The Kalopedis Family are jewellers from Cyprus who specialize in traditional Greek Byzantine style icons and ecclesiastical art, found in Orthodox churches. Stylianos Kalopedis started the business in 1888 which has been passed down from father to son for five generations.  Their style incorporates cultural influences, both ancient and modern.

Kalopedis dynasty
Stylianos Kalopedis (1868–1936)
Giorgos Kalopedis I (1911–1984)
Michalakis Kalopedis I (born 1935)
Giorgos Kalopedis II (born 1958)
Michalis Kalopedis II (born 1980)

The establishment
Stylianos Kalopedis was born in 1868 at Lefkara, a mountain village on the island of Cyprus. As a child he was sent to the capital city of Nicosia to work at a workshop in the "street of the goldsmiths" and learn the art of jewellery making. When he was 20 years old his mentor told him that he had achieved a skill level with which he could open his own workshop. His mentor then provided him with a workbench and work tools. The year was 1888 and the family tradition had begun.

Stylianos at first had moved to the village of Vasa where he had met his wife and remained there for 15 years. When his family started growing he decided to move back to Nicosia. In October 1931 there was an uprising of the Cypriot people against the British colonists. To protect his family Stylianos moved them back to his birthplace Lefkara. He wanted to ensure he could pass down his skills and knowledge of the art that he was practicing to his children so that they would continue the profession.

The workshop at Lefkara was established and the Kalopedis family began to work on two categories of jewellery. The first category refers to  ecclesiastical art, such as icons, and other ecclesiastical instruments that are used in the Greek Orthodox Church. The family also was the first to introduce the two traditional Greek instruments "Kapnistiri" and "Mereha" to Cyprus, items which are used as censers in traditional weddings and other ceremonies. These two are what the parents and the priests use to bless their children on their wedding day. They are decorated in the forms of fruits such as apples and peaches. The "Kapnistiri" has two parts, one to store olive leaves and small charcoals and the other is for the burning of charcoals and olive leaves, to produce the smoke for the blessing. The "Mereha' is what is used to hold perfume. The second category in which the family specialized was personal jewellery.

All the items at the beginning were made with silver although for a short period due to the bad economic situations in Cyprus; copper was used in the place of silver. After the crisis passed the family returned to the use of silver for all ecclesiastic and other decorative items and gold was then also introduced for personal jewellery.

Giorgos Kalopedis I, one of Stylianos’ sons, in 1943 saw a promising future in the town of Larnaca so in 1944 he left the village of Lefkara and moved to Larnaca, taking with him his family.

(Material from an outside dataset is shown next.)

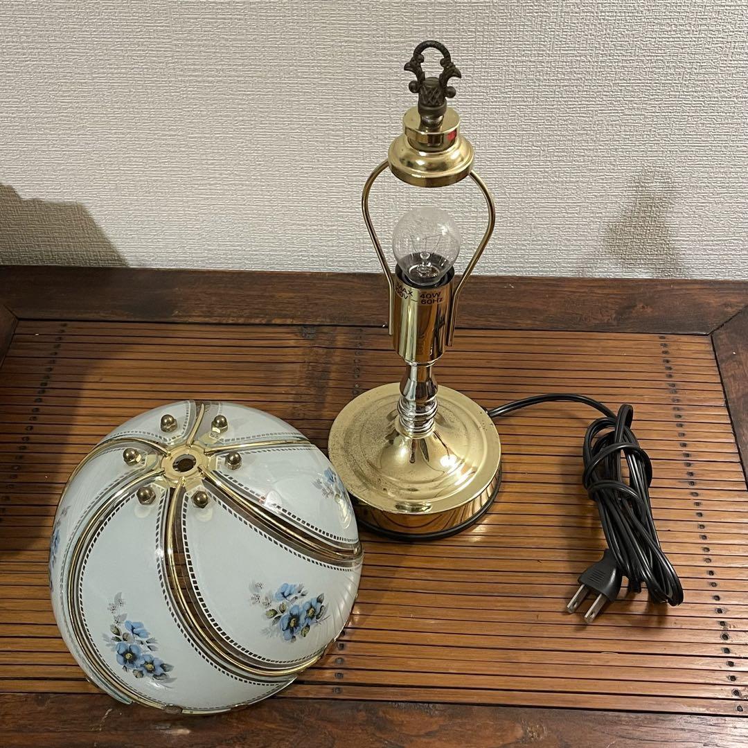 ガラス製のシェードにレトロな青いお花のデザインです♪

Giorgos Kalopedis I was a business man, he took the first steps in taking the business of the family outside the borders of Cyprus. In Larnaca Giorgos Kalopedis I, became an attraction for locals, visitors and tourists because he brought his art to the street. He worked on a table that was placed on the pavement outside his store, where people could watch his art in the making.

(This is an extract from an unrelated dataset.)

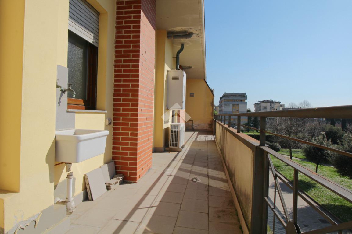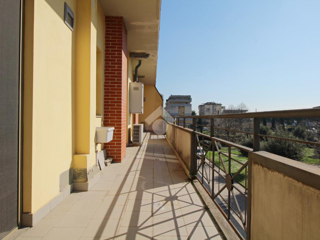 Da entrambe le camere ed il soggiorno possiamo accedere anche allo spazioso terrazzo con illuminazione a sud-est che permette il grande accesso di luce alla casa.
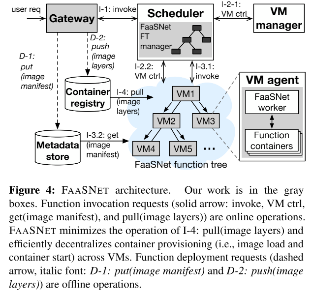 - 在函数调用的路径上,如果没有足够的虚拟机、或者所有的虚拟机都很忙的情况下,调度器首先与虚拟机管理器进行通信,从空闲的虚拟机池中扩展出活动的虚拟机池。然后调度器查询其本地的FT元数据,并向FT的FAASNET工作者发起RPC请求,从而启动容器供应流程。容器运行时供应过程实际上是分散的, 并在FT尚未有容器运行的本地供应的虚拟机进行准备工作。调度器在关键路径之外,而FAASNET工作层根据需求获取函数容器层,并从分配的对等虚拟机中并行地创建容器运行时。

Andreas kalopedis the brother of Michalakis Kalopedis I, has worked on icons such as the one of Mary in the church located in the village of Kiti, outside the town of Larnaca. Today Michalakis Kalopedis I, George Kalopedis II and Michael Kalopedis II represent the three generations that continue the tradition of the family.

Important works
Some of the most important religious places for which the family has created pieces for are the monasteries of Athos Mountain in Greece, the monastery of Stavrovouni and the three Churches of Holy Mary at the village of Kivisili.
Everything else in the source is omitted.